Wind Parks and Women’s Resistance in Brazil

20/04/2022 |

By Capire

Video features women farmers from Northeast Brazil denouncing the impacts of wind power generation on their lives and territories

In several parts of the world, women spearhead the resistance against transnational corporations. Megaprojects advance toward their territories and impose devastating impacts on their lives and communities. The companies are always interested in the same thing: maximizing profits. In practice, this means exploiting people and nature, removing people from their territories, threatening life in the communities, and increasing violence in women’s everyday lives.

In Paraíba and Rio Grande do Norte, two states in Northeast Brazil, women of the World March of Women and the March for Women’s Lives denounce big power companies that implement wind power plants in their territories and communities.
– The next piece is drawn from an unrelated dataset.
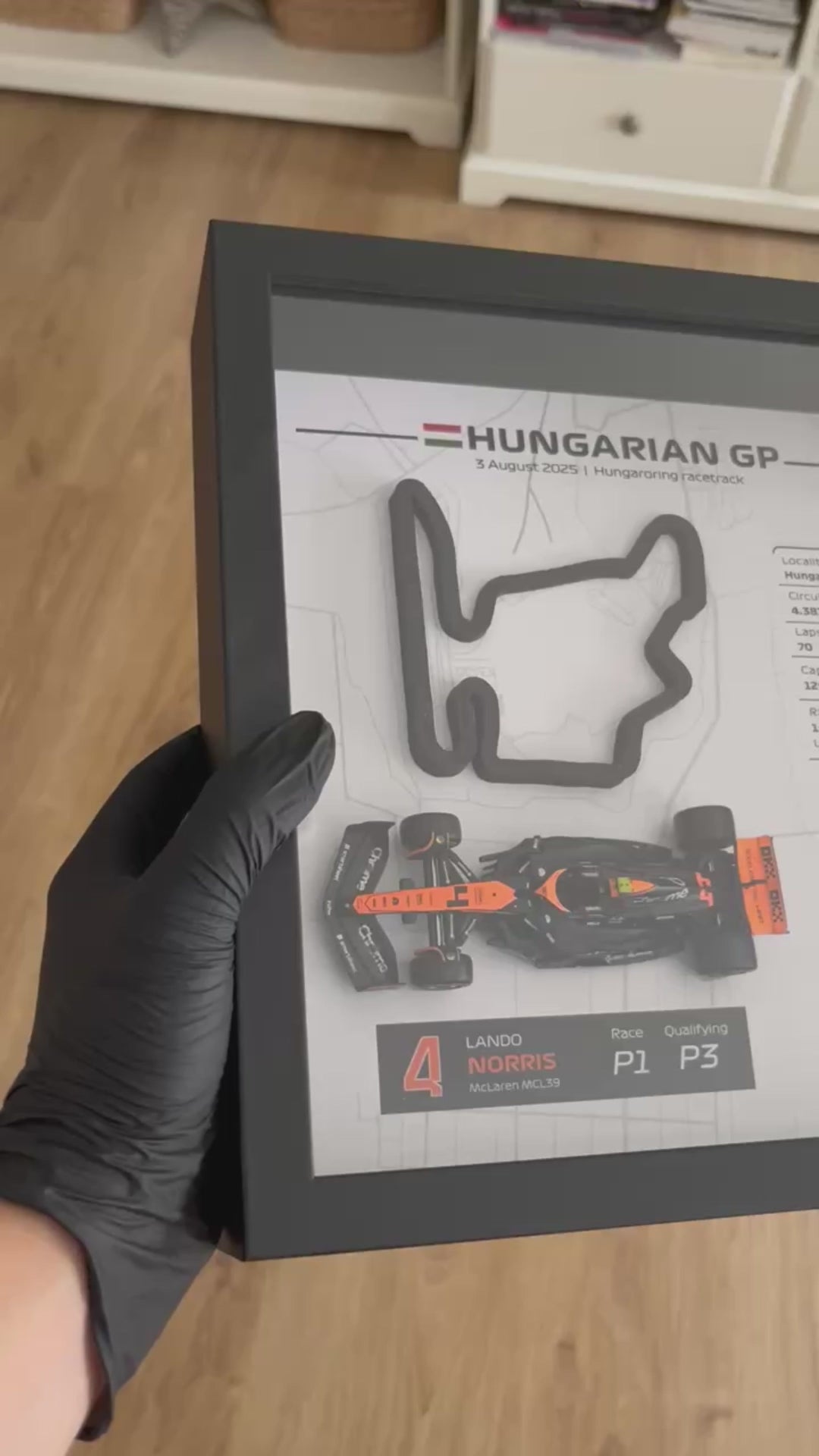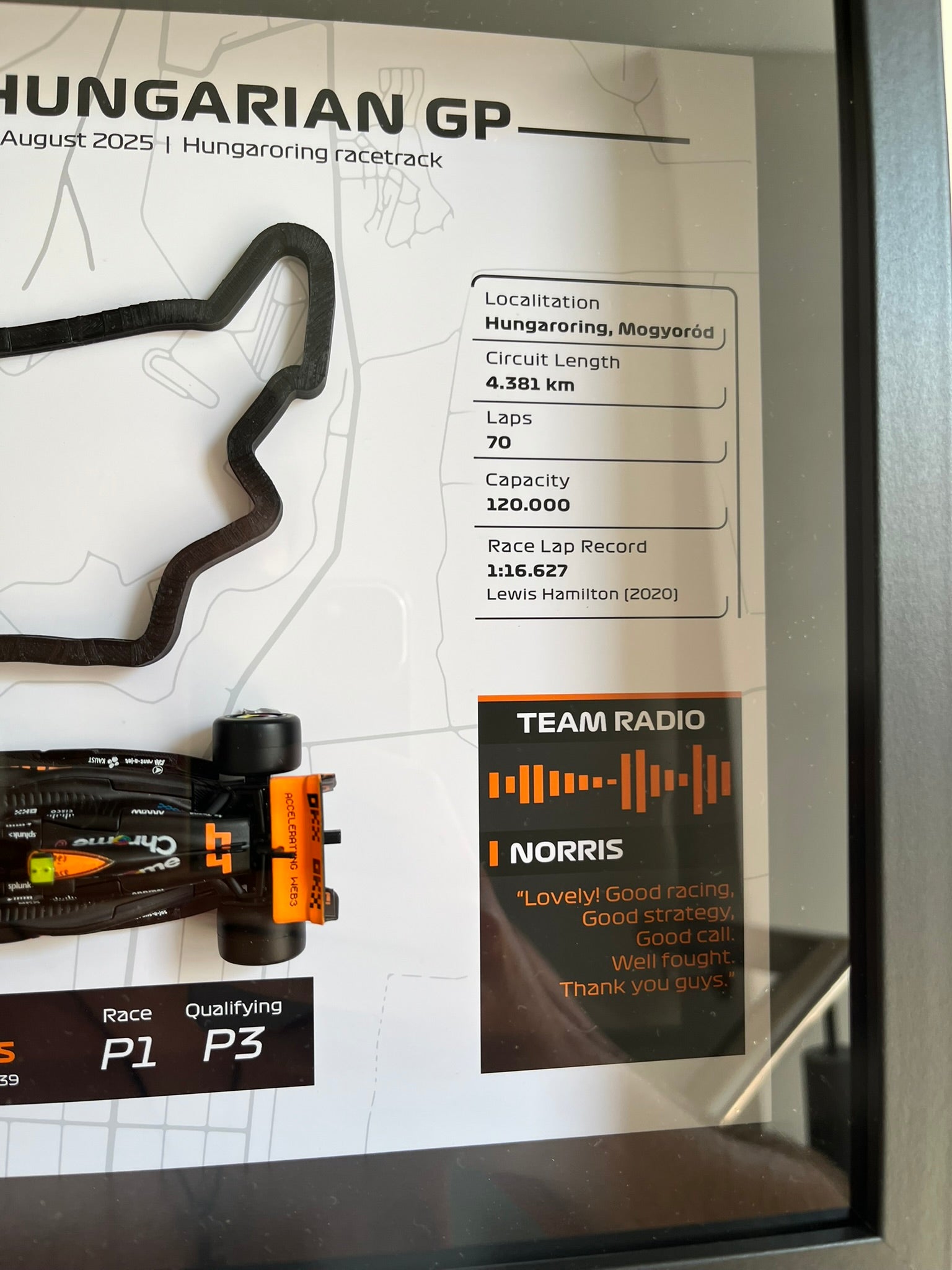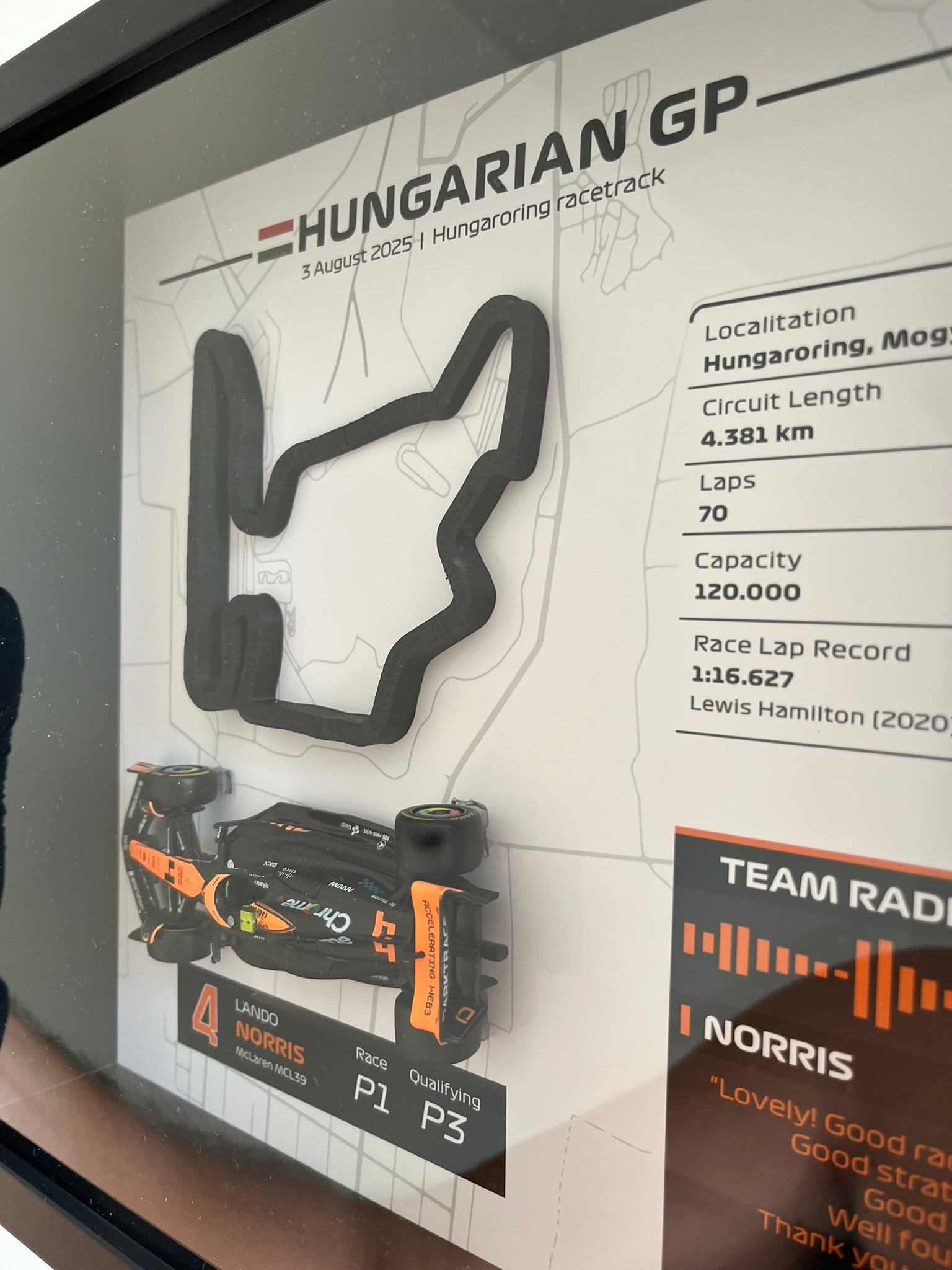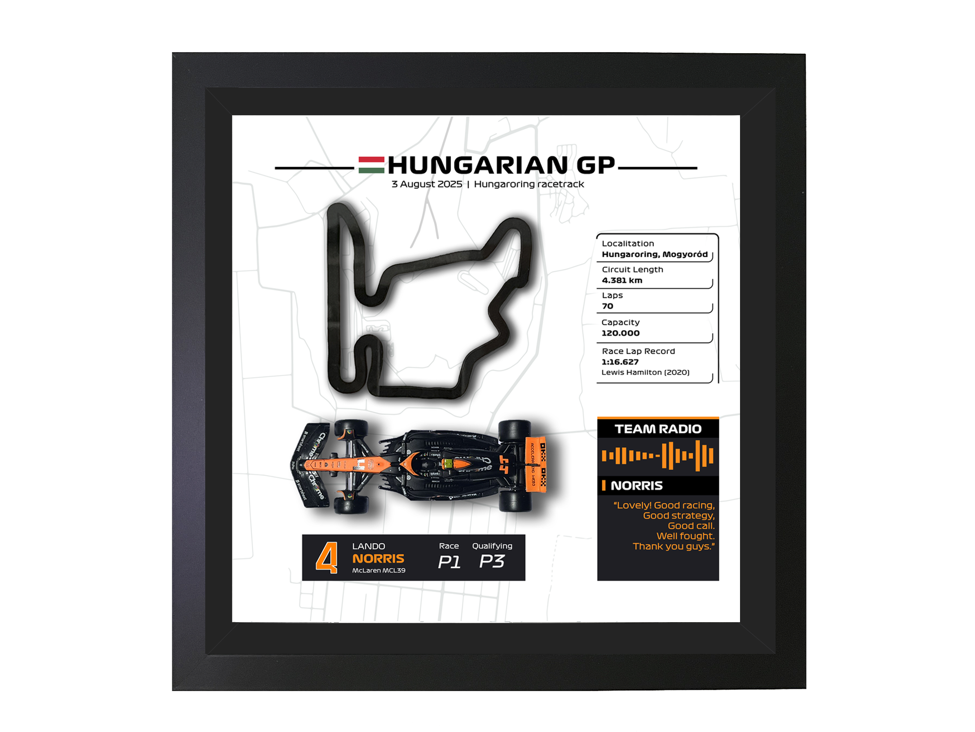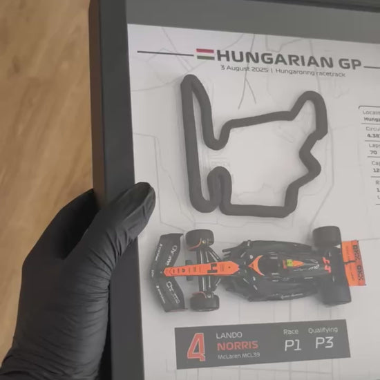 ¡Revive la emoción del Gran Premio de Hungría de 2025! Celebra la victoria inolvidable de Lando Norris en el circuito Hungaroring, donde luchó desde la P3 hasta la P1, con este impresionante cuadro mural 3D que captura el legendario circuito húngaro con exquisito detalle junto al monoplaza McLaren a escala 1:43.

These women question how a source of energy sold as “clean energy” can, at the same time, put people’s health and safety at risk, grab territories, and change the ways of life of local communities.

The video “Wind Parks and Women’s Resistance in Brazil” was produced to understand, from the perspective of the voices of women who experience this reality, the impacts of wind power generation produced by big companies. The stories they share make us reflect on how necessary it is to deeply change the energy model. It is not simply about changing the sources of energy, while the consumption of extractive activities of digital capitalism continues to expand. The model of reproduction and consumption must change, putting the sustainability of life on center stage.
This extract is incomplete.